*** EXERCISE MATERIALS ***

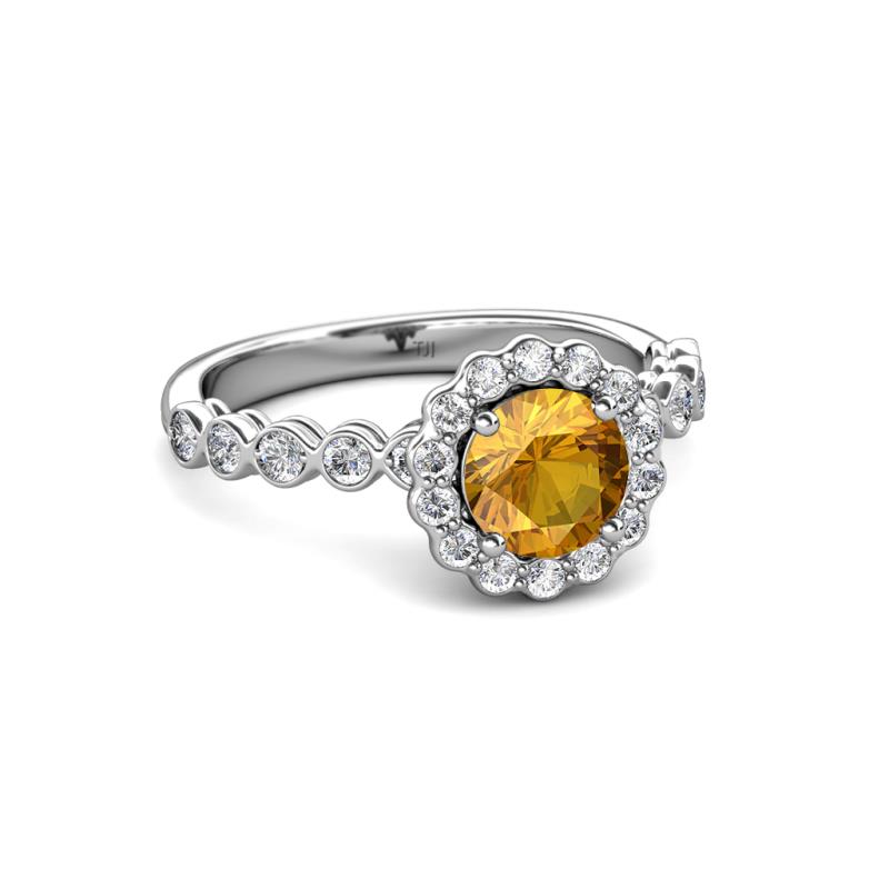 1 2/5 ctw Round Citrine and Diamond Womens Halo Engagement Ring Platinum More Details ...
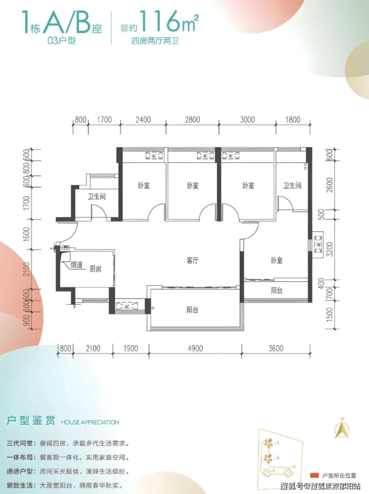 建面约116㎡4房2厅2卫
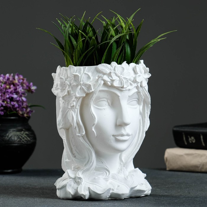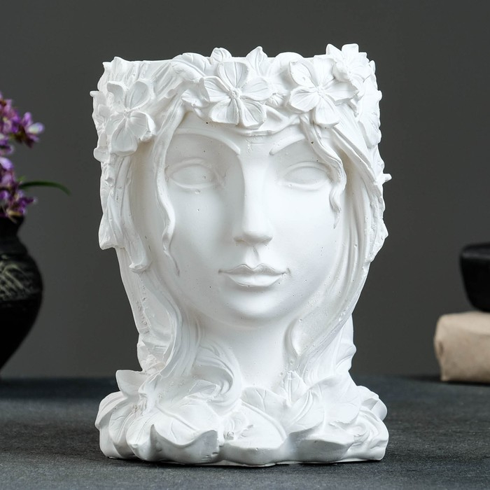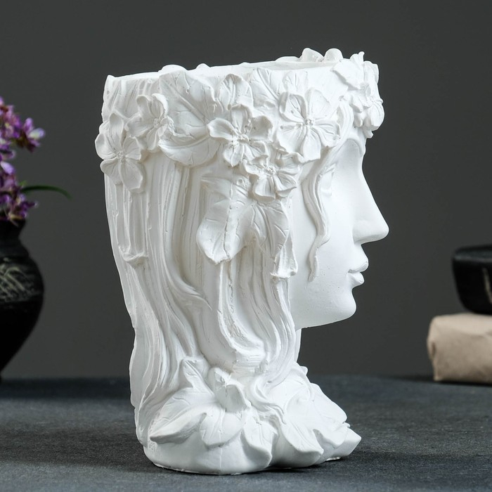 Кашпо - органайзер "Девушка с венком" белая, 14х19х14см
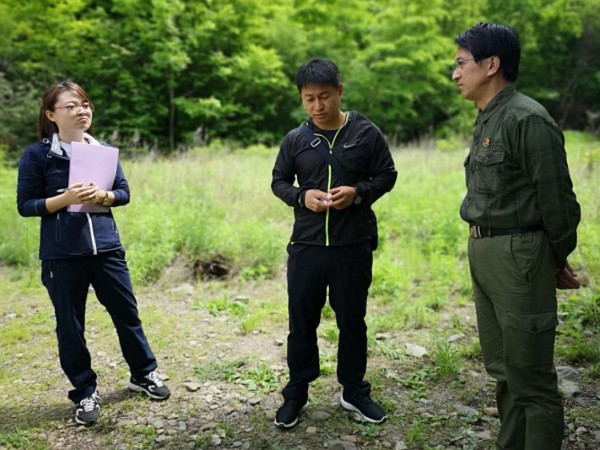 凤凰新闻社社长、总编田长友先生(右一),同汪清县党校领导(中)、龙井县党校领导(左一)在东满抗日游击根据地交谈
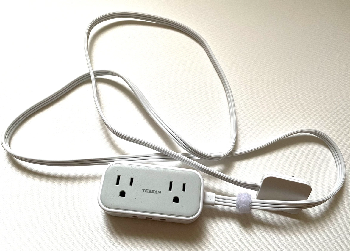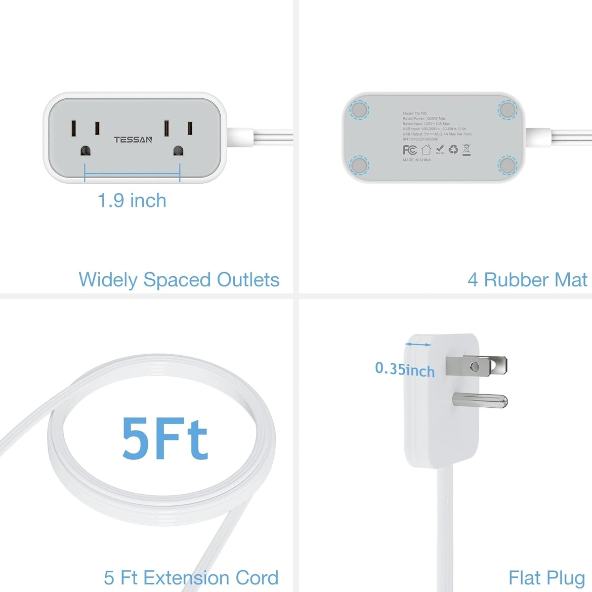 TESSAN Small Extension Cord w/ 2 outlets, 3 USB ports, and a 5ft cord.
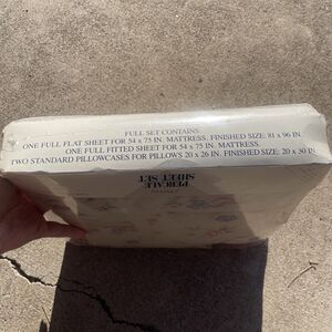 Brand new sealed in the original packaging. JCPenney percale sheets set. Four piece set includes flat sheet, fitted sheet and two pillowcases. Blue and pink roses and stems. Probably from the 90s. Made in the USA.
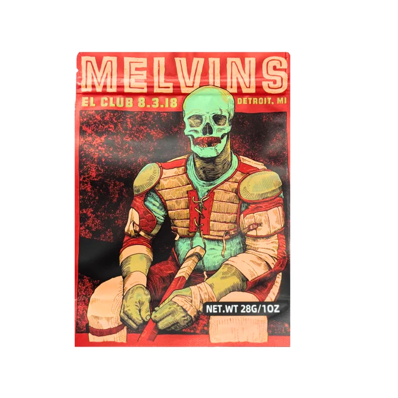 HOLOGRAPHIC MYLAR 28G BAGS 50CT MELVIN'S DESIGN Stand out on the shelf with the Holographic Mylar 28g Bags – Melvin's Design, 50ct Pack . Featuring a vibrant holographic finish with a Melvin’s-inspired theme , these premium-quality bags offer a blend of novelty artwork and professional storage reliability . Each bag is sized for 28 grams (1 oz) , making it perfect for bulk packaging of flower, edibles, or specialty products. Constructed from smell-proof, resealable, and durable materials , they
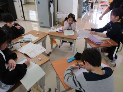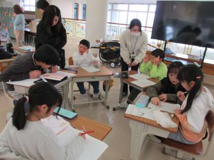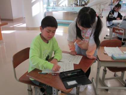 合同学習では、教え合ったり、質問したり、上学年に丸付けをしてもらったりと、みんなで学習を楽しみました。
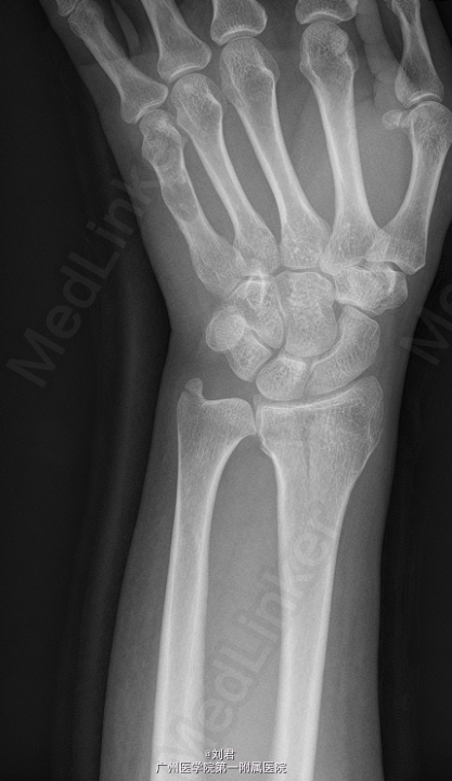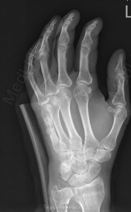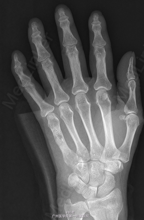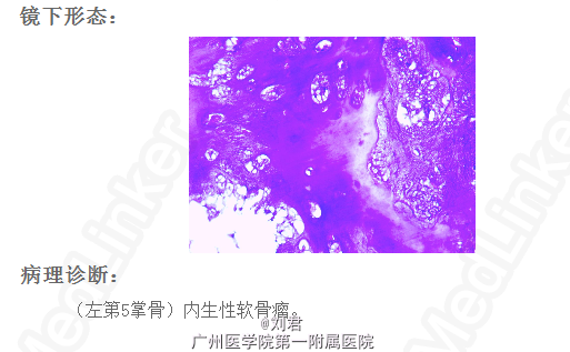 初步诊断:1、 左桡骨远端骨折,2、左手第5掌骨软骨类肿瘤。在臂丛复合静脉麻醉下行“左掌骨内生软骨瘤切除术”,手术过程顺利,术后予以对症治疗。
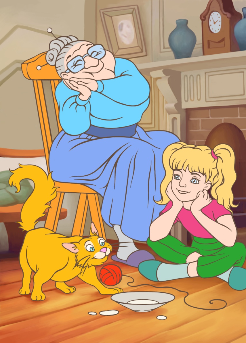 – Нет, я больше не могу терпеть! Это просто чудовище! Беги, внученька, быстрее на улицу и принеси котёнка, который сидит на приступке. Иначе мы ничем не спасёмся от этой мыши.
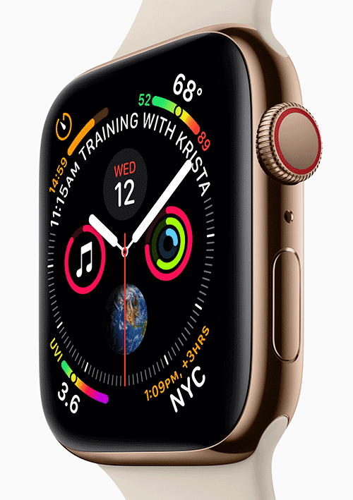 I Apple Watch series 4 tas dette til nye høyder, takket være en hel rekke nye sensorer – som til sammen kan samle inn over åtte ganger så mye sensordata enn i tidligere modeller.
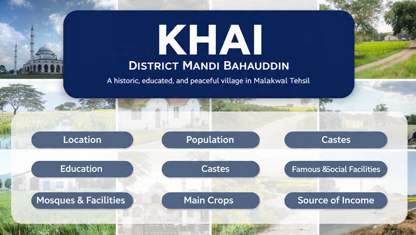 گاؤں کھائی (Khai) مین سرگودھاگجرات روڈ پر واقع ہے۔ یہ منڈی بہاءالدین شہر سے تقریباً 22 کلومیٹر جنوب مغرب کی سمت میں واقع ہے۔ یہ گاؤں کھٹیالہ شیخاں اور گوجرہ کے درمیان ہے۔ گاؤں کی سرحدیں درج ذیل ہیں: جنوب: پانڈووال مغرب: بکن ، چک نمبر 42 شمال: عیدل مشرق: کھٹیالہ شیخاں
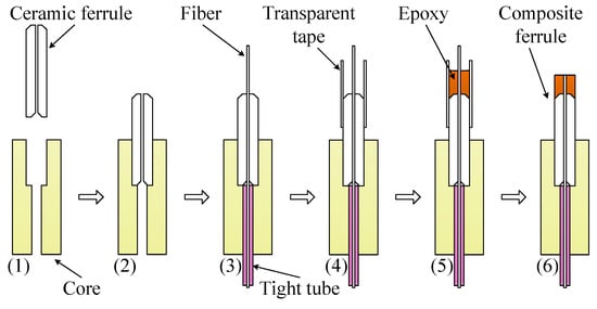 Figure 3 shows the process of fabricating a composite ferrule. First, a ceramic ferrule was pressed into a core, and then optical fiber was inserted into the ceramic ferrule (steps (1)–(3)). It should be noted that the part of the optical fiber above the end surface of the ceramic ferrule was more than 5 mm. Next, by using transparent tape, a fence was formed around it (step (4)), and then epoxy was injected into it (step (5)). In order to accelerate the curing of epoxy, it was put into a drying box at temperatures of 60–90 °C. After curing the epoxy, the transparent tape was removed, and the excess fiber was cut off. Then, the fiber with composite ferrule was grounded and polished (step (6)). It should be emphasized that the thermal expansion coefficient of the composite ferrule must be more than that of the shell. For ceramic ferrule with a length of 10 mm, the length of the epoxy part should not be less than 1.5 mm, at least.
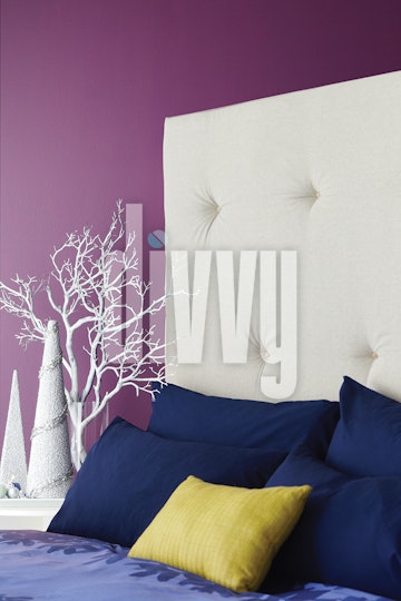 A tufted white headboard rises high above deep blue bedding in a purple bedroom.
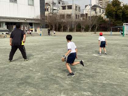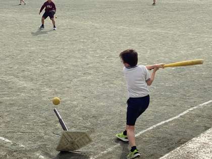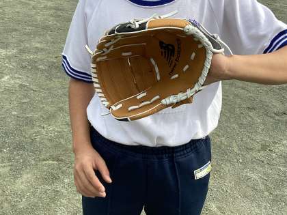 ティーボールクラブの子供たちが大谷グローブを使って活動を行いました。
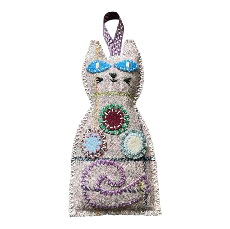 This hand stitched and hand embroidered Tweedie Katz is a house decoration that may be hung up (there is a small ribbon loop at the top of the Tweedie Katz ) or just placed creatively around the home. It is filled with dried Lavender. The Tweedie Katz measures 18cm from the top to the bottom and is 9 cm across the widest part. Dust clean with a dry cloth.THIS IS NOT A TOY.
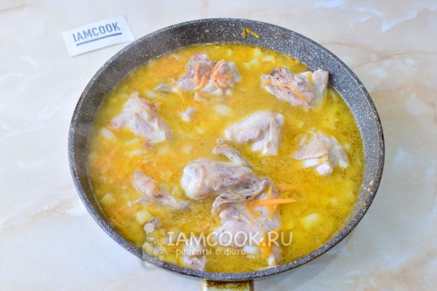 Затем залейте курицу горячей водой. Посыпьте солью и специями. Тушите курицу в подливе 20-25 минут.
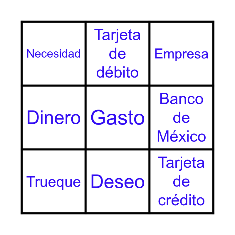 This bingo card has 17 words: Finanzas, Emprendedor, Empresa, Necesidad, Ahorro, Dinero, Sueldo, Trueque, Deseo, Banco de México, Ingreso, Interés, Gasto, Tarjeta de débito, Tarjeta de crédito, Criptomonedas and Honorarios.
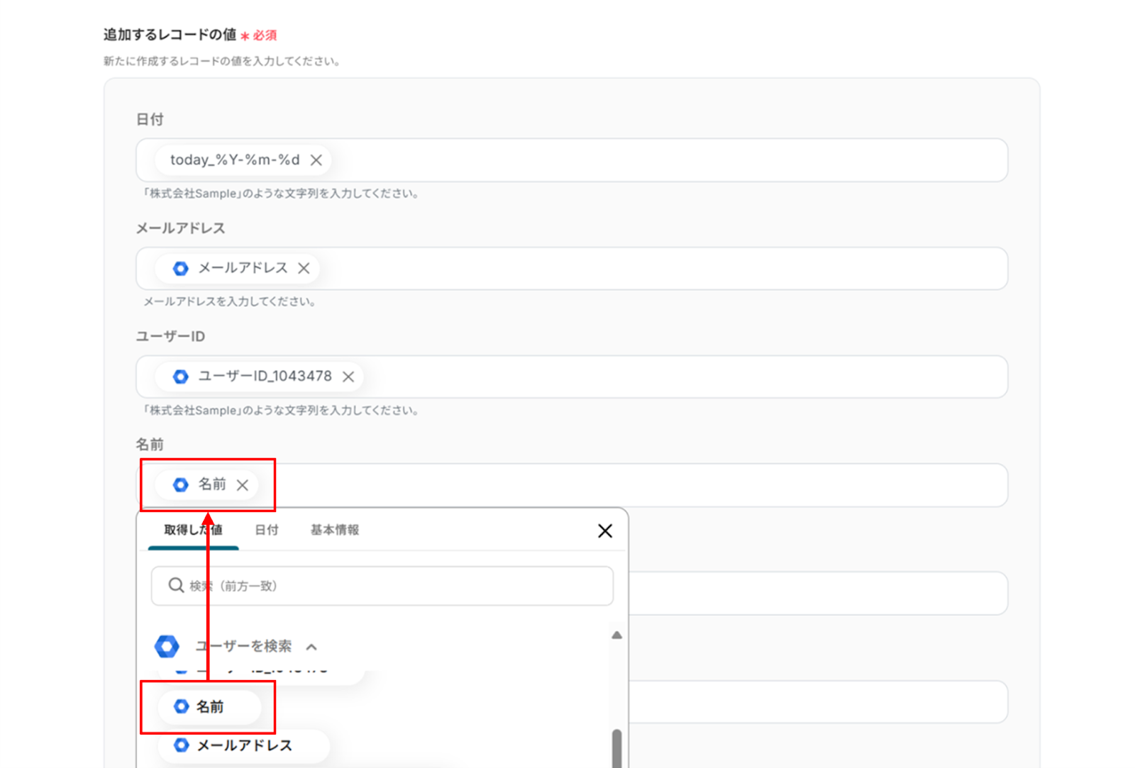 ・Google Workspaceから取得した名前データは、姓と名に分かれていないため、姓の欄に一括して反映する形になります。ただし、AIオペレーションの抽出機能を利用することで、名前を姓と名に分割できる場合があります。
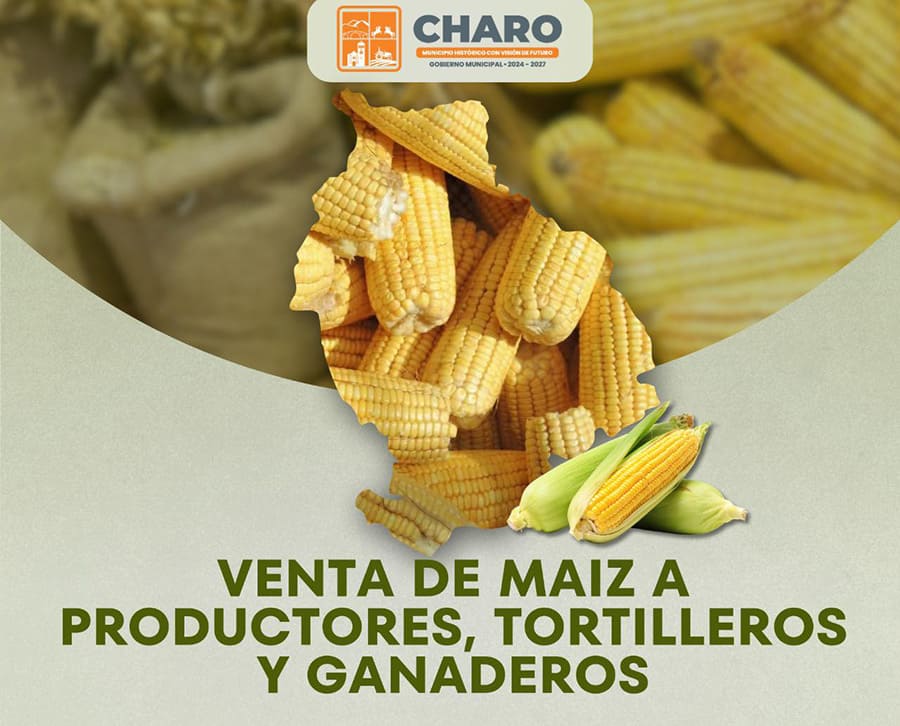 “El Gobierno Municipal de Charo, que preside con orgullo nuestro presidente municipal Gabriel Molinero, informa a los productores de maíz del municipio que, en Sesión de Cabildo, ha sido autorizada la compra de 200 toneladas adicionales como apoyo directo al sector productivo, reafirmando nuestro compromiso con el campo charense. Invitamos a las y los productores interesados a acudir para mayor información al Palacio Municipal o a la Bodega del Ayuntamiento”, informó el gobierno que encabeza Gabriel Molinero.

*** End of EXERCISE MATERIALS ***

▶ TASK BRIEF
In the listing above, find the line with "TESSAN Small Extension" and the line with "Brand new sealed". Output both, plus every line between them, and no pictures.

▶ OUTPUT OF THE TASK
 TESSAN Small Extension Cord w/ 2 outlets, 3 USB ports, and a 5ft cord.
 Brand new sealed in the original packaging. JCPenney percale sheets set. Four piece set includes flat sheet, fitted sheet and two pillowcases. Blue and pink roses and stems. Probably from the 90s. Made in the USA.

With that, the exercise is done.